While the hardware industry is making remarkable progress improving hardware systems, the software industry is in constant adaptation, visioning and implementing different approaches to take the best out of hardware. It might sound confusing, but this has shown to be the symbiosis of success.


Reactive is a buzzword, you should have heard about it – and you might think this is something new. The term has been in use since the paper, The Reactive Engine was made available by Alan Kay in 1969. A few years later, in 1997 Conal Elliot and Paul Hudak came up with Function Reactive Animation. But it was only in 2014 when this topic was rekindled with the Reactive Manifesto.

Through constant change, organizations had to reinvent their software products.


These changes are happening because application requirements have changed dramatically in recent years. Only a few years ago a large application had tens of servers, seconds of response time, hours of offline maintenance and gigabytes of data. Today applications are deployed on everything from mobile devices to cloud-based clusters running thousands of multi-core processors. Users expect millisecond response times and 100% uptime. Data is measured in Petabytes. Today’s demands are simply not met by yesterday’s software architectures.


Reactive applications focuses on the systems that react to the events, the varying loads, and multiple users. It also react effectively to all the conditions, whether it’s successful or has failed to process requests. The Reactive Manifesto came as attempt to define a new industry standard. It defines four characteristics to design Reactive Systems.


We believe that a coherent approach to systems architecture is needed, and we believe that all necessary aspects are already recognised individually: we want systems that are Responsive, Resilient, Elastic and Message Driven. We call these Reactive Systems.



With the advent of Reactive Systems, the industry of software conceived a new paradigm called Reactive Programming.


RP designs code in such a way that the problem is divided into many small steps, where each step or task can be executed asynchronously without blocking each other. Once each task is done, it’s composed together to produce a complete flow without getting bound in the input or output.

Tejaswini Mandar Jog – Reactive Programming With Java 9


In another words, Reactive Programming disseminates the idea of instead of creating a thread for each blocking concurrent task, a dedicated thread commonly called event loop looks to all the tasks that are assigned to threads in a non-reactive model, and processes each of them on the same process. This new paradigm reduced the problem of context switch, by imposing an asynchronous and non-blocking mindset.
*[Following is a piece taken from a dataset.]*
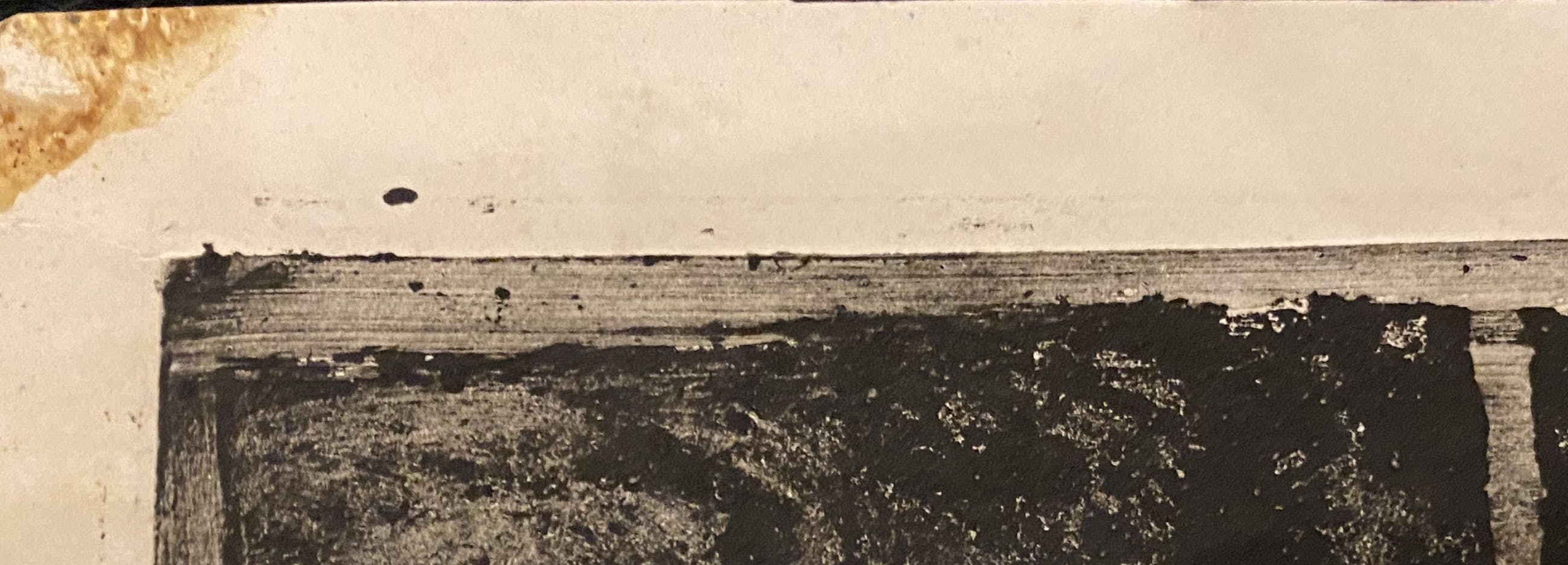 Ets is gedrukt op dik papier en in goede staat gezien de leeftijd. Linksboven een (lijm)vlekje op de rand, maar deze valt weg in een passe-partout.

As a result, the performance and the utilization of resources on a multi-core is increased and it provided a more maintainable approach to deal with asynchronism.

But writing high-performance, efficient, scalable and correct Reactive software is hard. With the rise of Functional Programming a new paradigm was born – Functional Reactive Programming. An abstraction on top of imperative systems that allows to program asynchronous and event-driven functional programs avoiding the pitfalls (like the well known callback hell) of reactive imperative code. It established a concrete functional approach to model programs behavior and how behavior changes according to events.

It was the beginning of a new movement called Reactive Extensions. An API for asynchronous programming with observable streams of events. Reactor, RxJava or RxNet just to name a few are new set of tools created under the name of Reactive Extensions or ReactiveX. Combining ideas from the Observer pattern, Iterator pattern and Functional programming, reactive extensions allow composing asynchronous and event-based programs by using observable sequences.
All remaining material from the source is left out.